Policiais fazem reivindicações ao presidente Lula

Entidades representativas dos policiais e dos servidores administrativos da Polícia se reuniram para pedir ao presidente da República mais atenção com a classe. Em carta aberta, escrita nesta quinta-feira (25/3), lembram dos 66 anos que a Polícia Federal completa neste domingo (28/3), e pedem a edição de uma lei orgânica para a classe, a garantia de integralidade da aposentadoria policiais e a reestruturação da carreira e também salarial.

“Consideramos inaceitável que esses assuntos sejam tratados com a insensibilidade típica da burocracia estatal, que se nega ao diálogo e à negociação. Sobretudo, no momento em que o país se prepara estrategicamente para dois grandes eventos, a Copa do Mundo de 2014 e as Olimpíadas de 2016”, diz a carta, assinada por cinco entidades.

A Federação Nacional dos Policiais Federais (Fenapef), uma das entidades que se reuniram para editar a carta, em Assembleia Geral Extraordinária, realizada em Brasília, nos dias 24 e 25 de março, aprovou indicativo de greve da categoria. As lideranças sindicais já marcaram a primeira paralisação para o próximo dia 14 de abril.

Segundo a Fenapef, nos próximos dias, a decisão será confirmada em assembleias estaduais dos sindicatos de todo o país, quando serão discutidas estratégias de mobilização e o calendário de novas paralisações, que deverão comprometer as investigações e operações em curso e também atingirão todas as unidades da PF, incluindo os postos de fiscalização nas fronteiras, portos e aeroportos.

Marcos Vinício de Souza Wink, presidente da Fenapef, diz que a decisão reflete a insatisfação generalizada dos policiais federais com o tratamento dispensado pelo governo federal à categoria dos policiais federais e servidores administrativos da instituição. “Nos últimos anos, entre todas as carreiras típicas de Estado, os policiais federais foram os mais desprestigiados em termos de reestruturação salarial”, afirma Wink.

Em março de 2009, uma proposta de recomposição salarial dos servidores da PF chegou a ser encaminhada pelo Ministério da Justiça e se encontra engavetada no Ministério do Planejamento. No último dia 22, o governador interino do Distrito Federal encaminhou ao governo federal uma proposta de reestruturação das carreiras das polícias Civil, Militar e Corpo de Bombeiros.

A Fenapef apresentou um estudo comparativo da evolução salarial de diversas categorias do funcionalismo público federal, com base em dados do próprio governo, elaborado pelos Sindicatos dos Policiais Federais em Minas Gerais e no Distrito Federal. O estudo será debatido pelos policiais nas assembleias estaduais e servirá como parâmetro da proposta de reestruturação salarial, a ser apresentada ao governo.

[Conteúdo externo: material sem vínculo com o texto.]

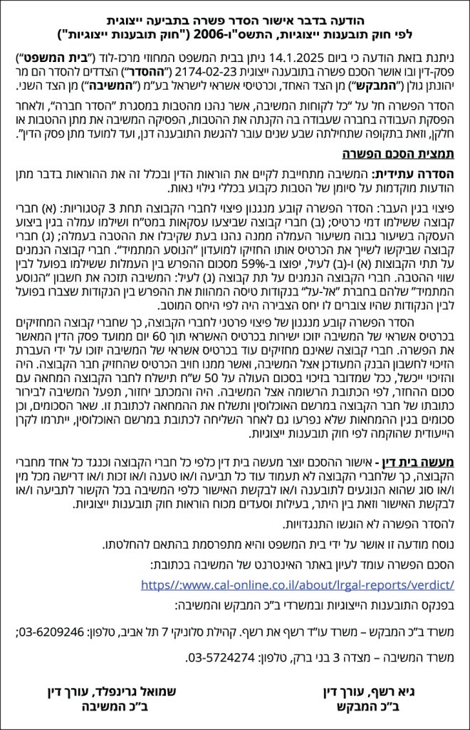 תקציר – ביום- 14.1.2025 בבית המשפט המחוזי מכרז-לוד אישור הסדר פשרה בין מר יהונתן גולן לבין כרטיסי אשראי לישראל בע"מ

O vice-presidente Sinpef-MG, Luis Antonio Boudens, aponta um “sentimento de desmotivação e decepção” dos policiais federais em relação ao descaso do governo quanto à desvalorização dos servidores. “O empenho e a dedicação dos policiais federais, demonstrados nas várias ações da PF dos últimos anos, infelizmente, não têm sido reconhecidos”. Com informações da assessoria da Fenapef

Leia a carta

Brasília, 25 de março de 2010

CARTA ABERTA AO PRESIDENTE LULA

No dia 28 de março a Polícia Federal celebra 66 anos de serviços prestados ao Brasil. A cada novo aniversário são renovadas as expectativas de que a corporação vivencie, finalmente, a aprovação de sua lei orgânica e das garantias de paridade e integralidade da aposentadoria policial, bem como a reestruturação do órgão e, consequentemente, das carreiras policial e administrativa. Essas medidas, em conjunto, são imprescindíveis para assegurar à PF as condições básicas necessárias para o cumprimento de suas funções institucionais e tornar-se referência mundial de Polícia Republicana que combate o crime organizado, a corrupção e a impunidade sem se deixar contaminar pelas disputas político-partidárias.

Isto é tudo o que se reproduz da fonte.